Promotora de Olinda questiona decisão de soltar acusado de estupro e ameaça

Segundo o site http://g1.globo.com/pernambuco:

Preso no dia 17 de julho deste ano por ameaçar a vítima e família, ele foi solto no dia 2 de agosto, 22 dias antes do julgamento do crime. 'Para aprender a gostar de homem', ele disse durante estupro, segundo acusação.Promotora da 3ª Vara Criminal do Ministério Público de Pernambuco (MPPE), Henriqueta de Belli (Foto: Thays Estarque/G1)Faltando 22 dias para o julgamento, a promotora da 3ª Vara Criminal do Ministério Público de Pernambuco (MPPE), Henriqueta de Belli, questiona a decisão do desembargador Fábio Eugênio Oliveira Lima de soltar, no dia 2 deste mês, o acusado de estuprar uma jovem de 18 anos em 2015. A prisão do homem, de 31 anos, se deu pelas diversas ameaças que a vítima e sua família sofriam desde março deste ano. Com a soltura, a promotora se preocupa com a segurança da jovem.

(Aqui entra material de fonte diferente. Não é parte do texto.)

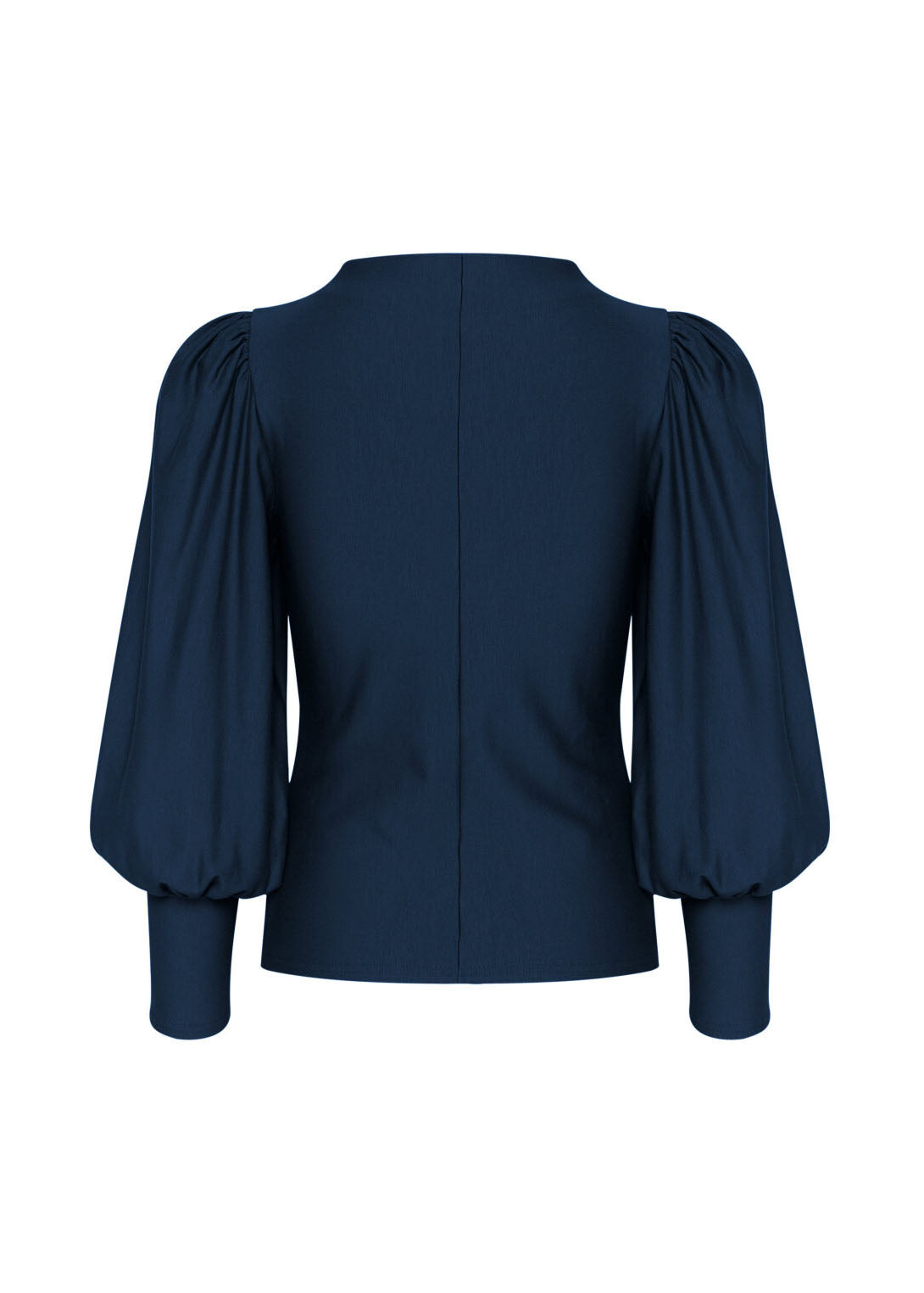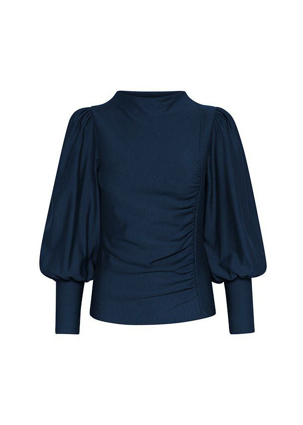 Fin mørkeblå bluse med rynkede detaljer og pufærmer. Blusen har en høj halsudskæring, lange ærmer og en slank pasform.
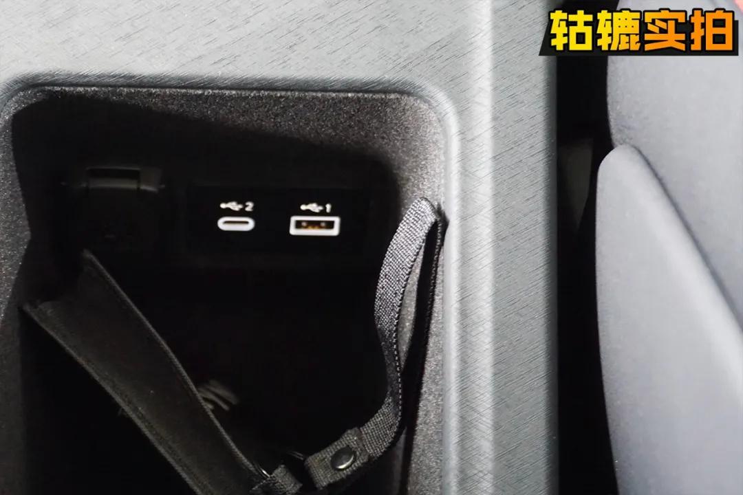 值得一提的是,扶手箱内配备了多种接口,并且还有发光设计,包括后排的充电接口也是如此,方便黑暗中操作。
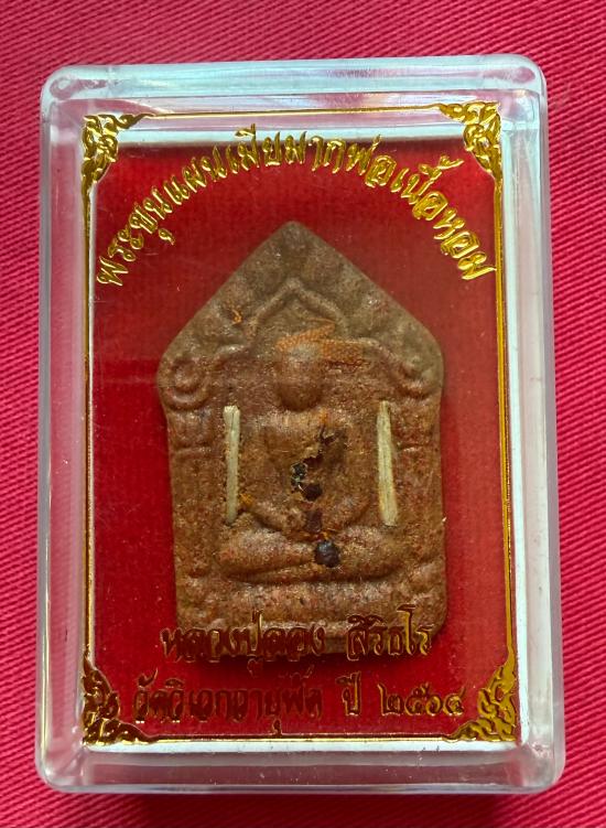 วัดใจไปเลย พระขุนแผนเมียมากพ่อเนื้อหอม หลวงปู่ลอง วัดวิเวกวายุพัด ปี 2564 เนื้อผงฝังตะกรุด 2 ดอก หมายเลข 176 |

O estupro ocorreu no dia 28 de dezembro de 2015, em Jardim Atlântico, Olinda, na casa da vítima. De acordo com a acusação, sob a justificativa de apresentar a programação do grupo de jovens, o homem, que era membro de uma igreja e responsável pela evangelização, aproveitou um momento em que a jovem estava sozinha para praticar o crime.
“Ela estava só em casa e, em determinado momento, ele pediu para ir ao banheiro. Ele já saiu de lá nu e com o preservativo. Arrastou a vítima da sala para o quarto, onde ocorreu o estupro. Ela lutou muito com ele, tentou se defender. Durante o ato, ele disse: ‘isso é para você gostar de homem’”, contou a promotora ao dizer que a vítima mantinha um relacionamento com outra jovem na época.
O questionamento da promotora ocorreu na manhã desta sexta-feira (4), na sede do MPPE em Olinda. No local, ela conversou com a vítima e a mãe da jovem sobre o ocorrido. Advogados de centros de apoio estiveram presentes na reunião e se colocaram a disposição para representá-la. Vítima e mãe preferiram não gravar entrevista.
"Ela [vítima] vinha revelando dificuldades de viver na comunidade e também medo de que algo grave acontecesse com o acusado solto"
“Como o habeas corpus foi decidido em liminar, a gente gostaria muito que, no mérito, os desembargadores analisassem, realmente, os motivos que levaram a juíza a decretar a prisão dele. Porque ela [vítima] vinha revelando dificuldades de viver na comunidade e também medo de que algo grave acontecesse com o acusado solto. Inclusive, houve uma situação bem específica antes da prisão que ele estava conduzindo o carro em via pública, visualizou ela e jogou o carro nela”, pontuou.
Procurado pelo G1, o Tribunal de Justiça de Pernambuco (TJPE) informou, pelo telefone através da assessoria de comunicação, que "o desembargador não se pronuncia sobre o caso porque o processo corre em segredo de justiça".

Processo

Com medo de contar sobre o estupro, a vítima só denunciou o crime em 2016, quando soube que o homem teria feito outra vítima, também do grupo de evangelização da igreja. Segundo a promotora, as ameaças começaram logo após o homem descobrir o processo penal em andamento. No mesmo período ele foi expulso da igreja.
“Ele começou a direcionar ameaças de morte. Ele também hostilizava ela através de amigos e frequentadores da igreja. Ela já estava com dificuldade de ir à padaria e de frequentar a própria escola”, conta.
Sem data definida, a promotora se apega a sessão de apreciação do mérito da prisão preventiva pela Câmara Criminal do Tribunal de Justiça de Pernambuco (TJPE). No encontro, o colegiado de desembargadores pode voltar atrás da decisão emitida no dia 2 deste mês.
“Esse tipo de decisão acaba desestimulando as vítimas de denunciarem seus agressores. Nós temos um alto índice de desistência também pelas dificuldades que as vítimas têm no acesso à Justiça e nos órgãos públicos. Dificuldade em ser ouvida nas suas demandas de insegurança e proteção. Esse tipo de demanda que viola vários direitos, que envolve uma possível homofobia, machismo e misoginia, é um crime que precisa, de fato, ser coibido pela Justiça de forma muito objetiva para, justamente, incentivar que outras vítimas a denunciar e se sentirem acolhidas pelo sistema”, concluiu.